/---
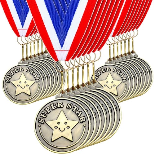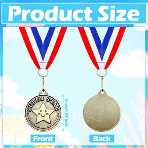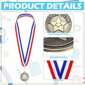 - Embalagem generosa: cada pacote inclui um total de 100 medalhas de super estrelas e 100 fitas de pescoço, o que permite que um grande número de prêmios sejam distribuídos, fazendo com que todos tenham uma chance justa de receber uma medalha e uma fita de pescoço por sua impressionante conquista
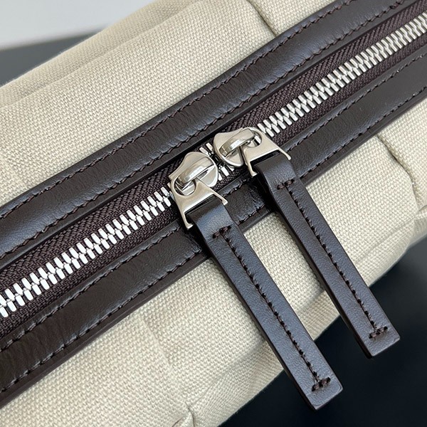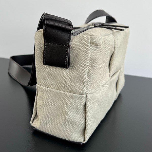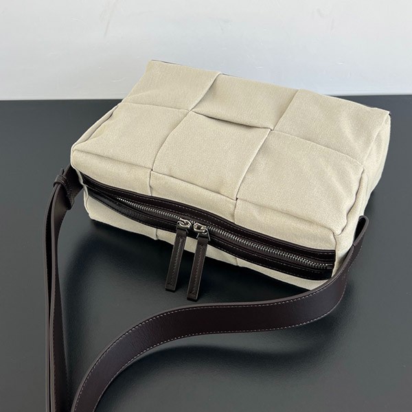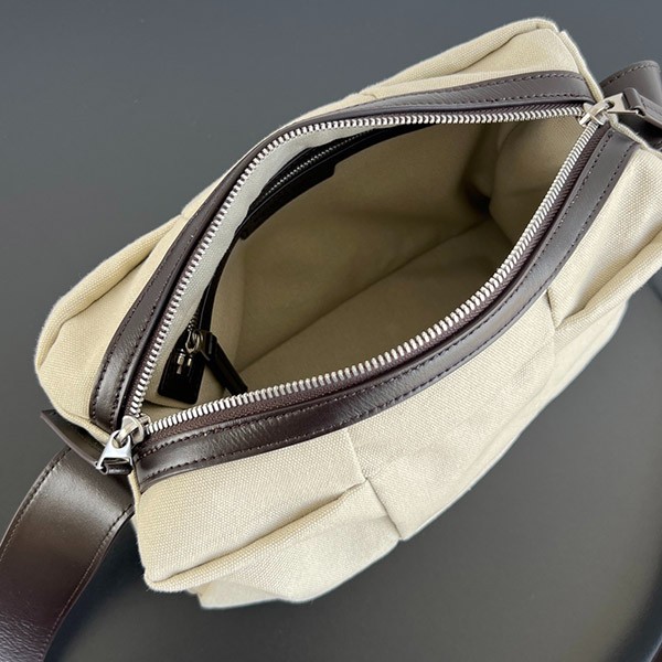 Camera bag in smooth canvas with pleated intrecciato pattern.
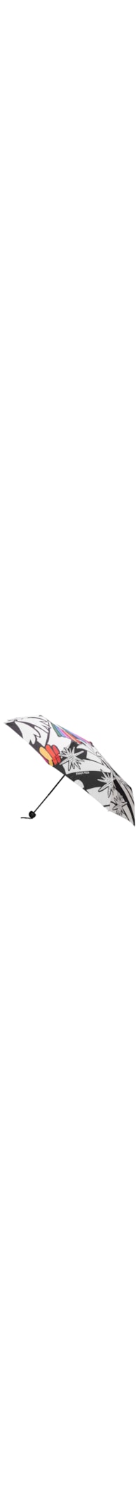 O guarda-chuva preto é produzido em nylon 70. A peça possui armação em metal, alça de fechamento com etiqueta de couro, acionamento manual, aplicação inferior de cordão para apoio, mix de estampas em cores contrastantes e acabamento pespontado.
\---
/---
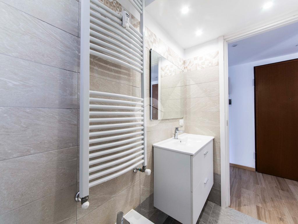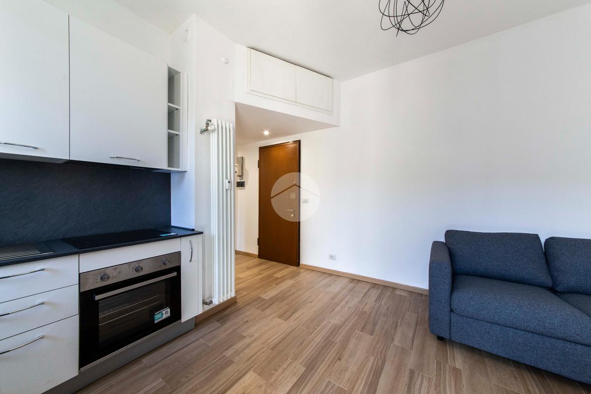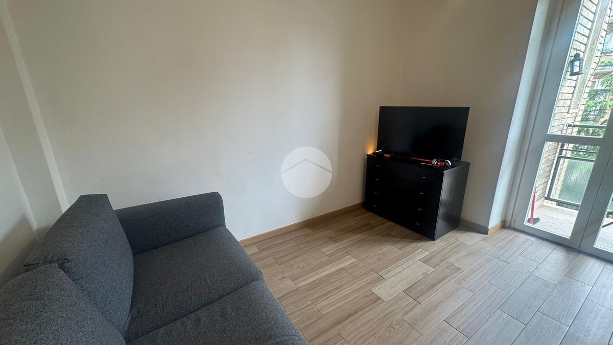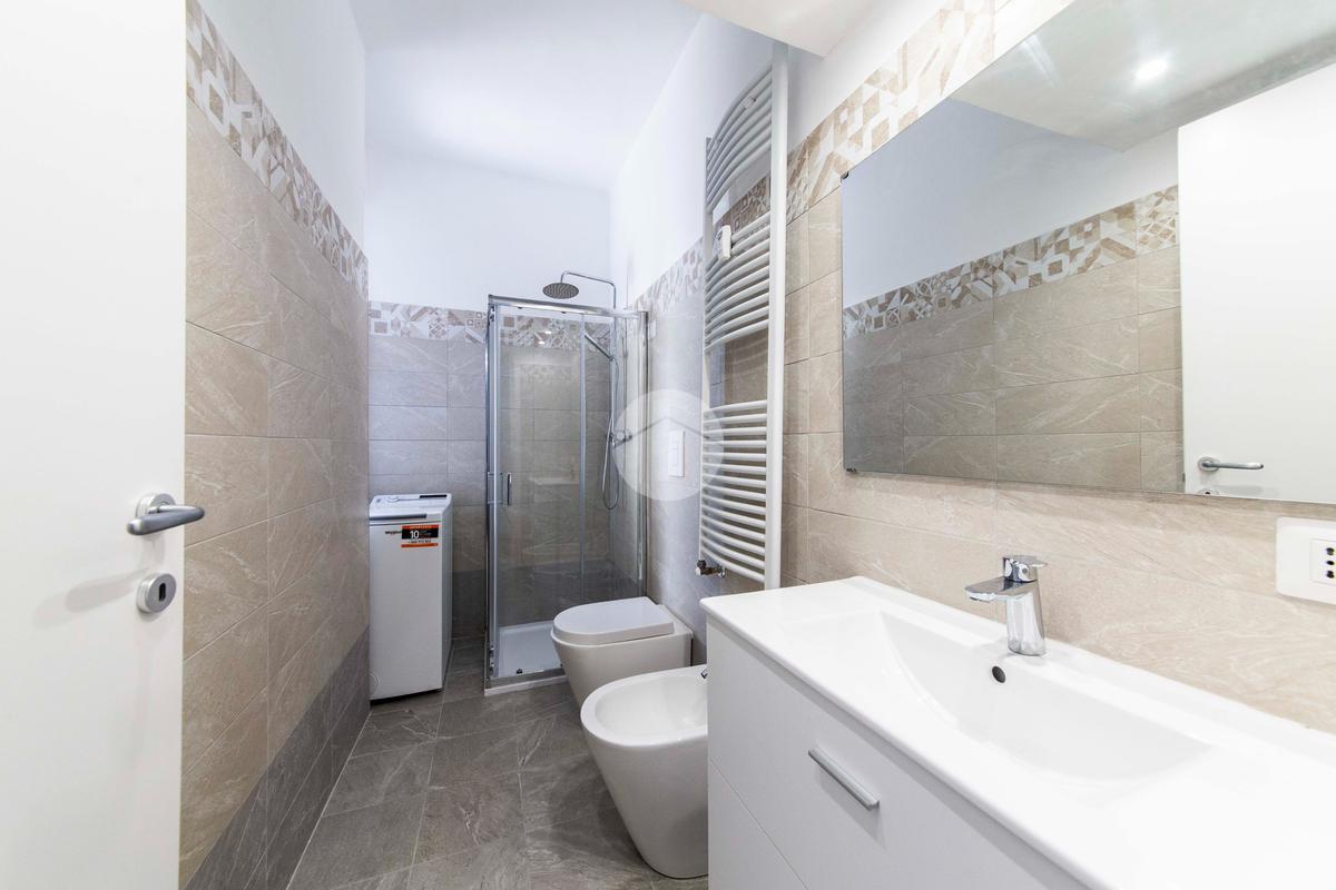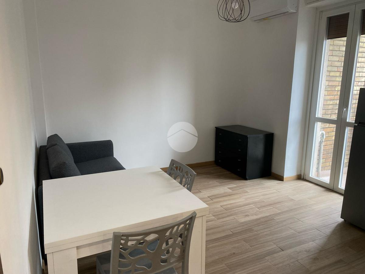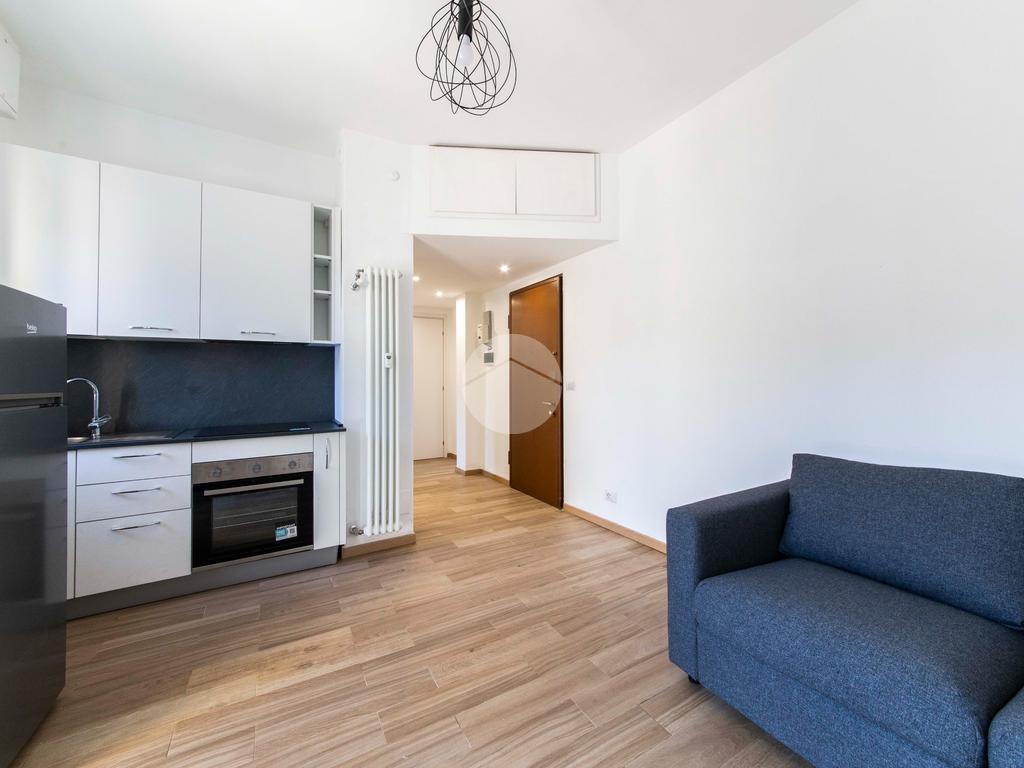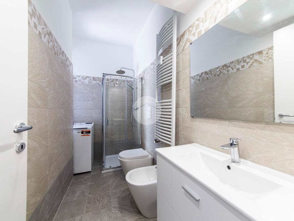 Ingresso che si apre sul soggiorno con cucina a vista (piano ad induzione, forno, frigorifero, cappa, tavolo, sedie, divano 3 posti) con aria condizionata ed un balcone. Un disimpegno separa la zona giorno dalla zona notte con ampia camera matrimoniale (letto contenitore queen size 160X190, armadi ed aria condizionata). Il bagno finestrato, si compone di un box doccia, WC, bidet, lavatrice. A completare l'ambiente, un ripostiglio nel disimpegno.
\---
/---
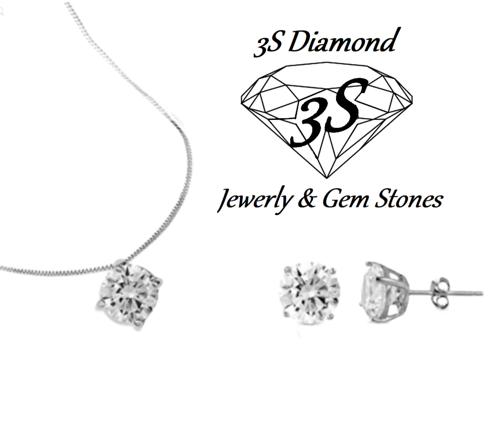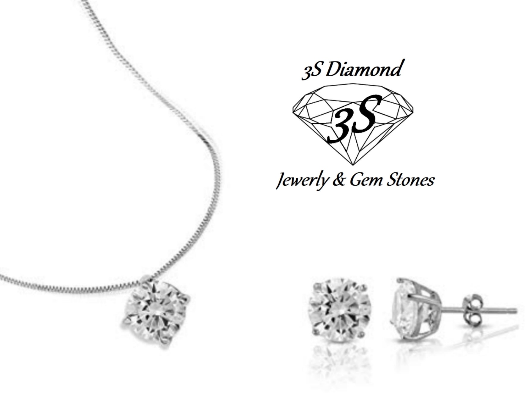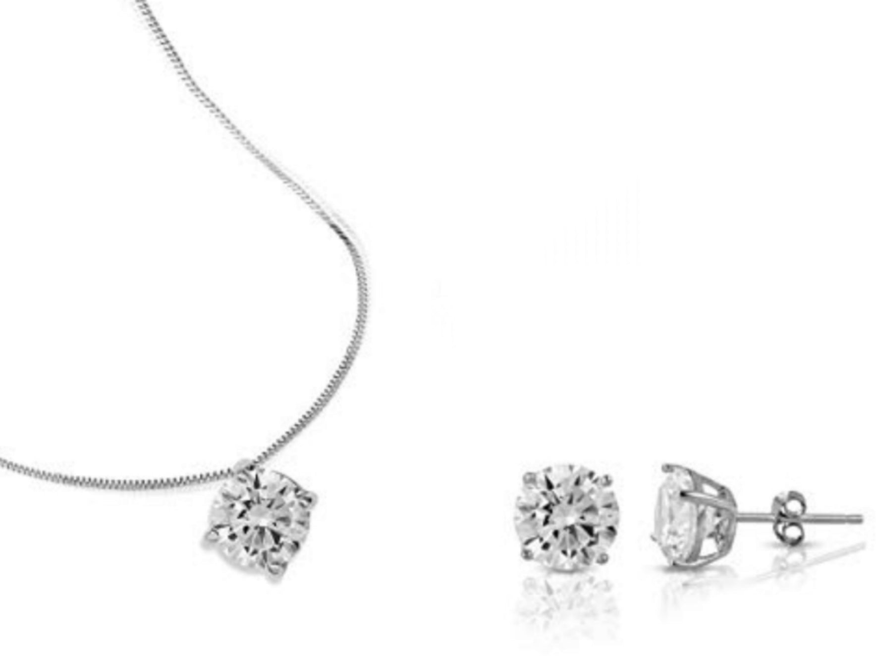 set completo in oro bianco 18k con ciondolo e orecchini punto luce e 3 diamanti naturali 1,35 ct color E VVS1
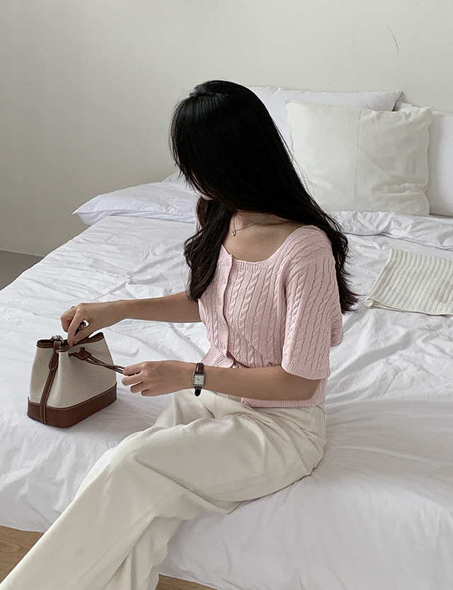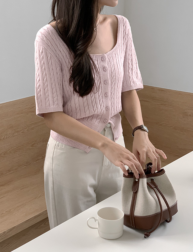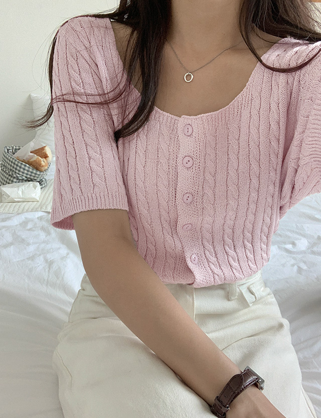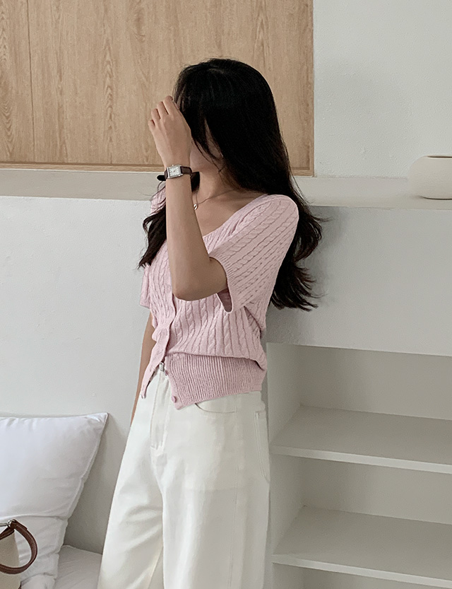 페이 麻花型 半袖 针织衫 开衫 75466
\---
**Work order:**
Look above for the line with "- Embalagem generosa: cada" and the line with "O guarda-chuva preto". Give again exactly those two lines and all lines between them, pictures excluded.

**Output of the task:**
 - Embalagem generosa: cada pacote inclui um total de 100 medalhas de super estrelas e 100 fitas de pescoço, o que permite que um grande número de prêmios sejam distribuídos, fazendo com que todos tenham uma chance justa de receber uma medalha e uma fita de pescoço por sua impressionante conquista
 Camera bag in smooth canvas with pleated intrecciato pattern.
 O guarda-chuva preto é produzido em nylon 70. A peça possui armação em metal, alça de fechamento com etiqueta de couro, acionamento manual, aplicação inferior de cordão para apoio, mix de estampas em cores contrastantes e acabamento pespontado.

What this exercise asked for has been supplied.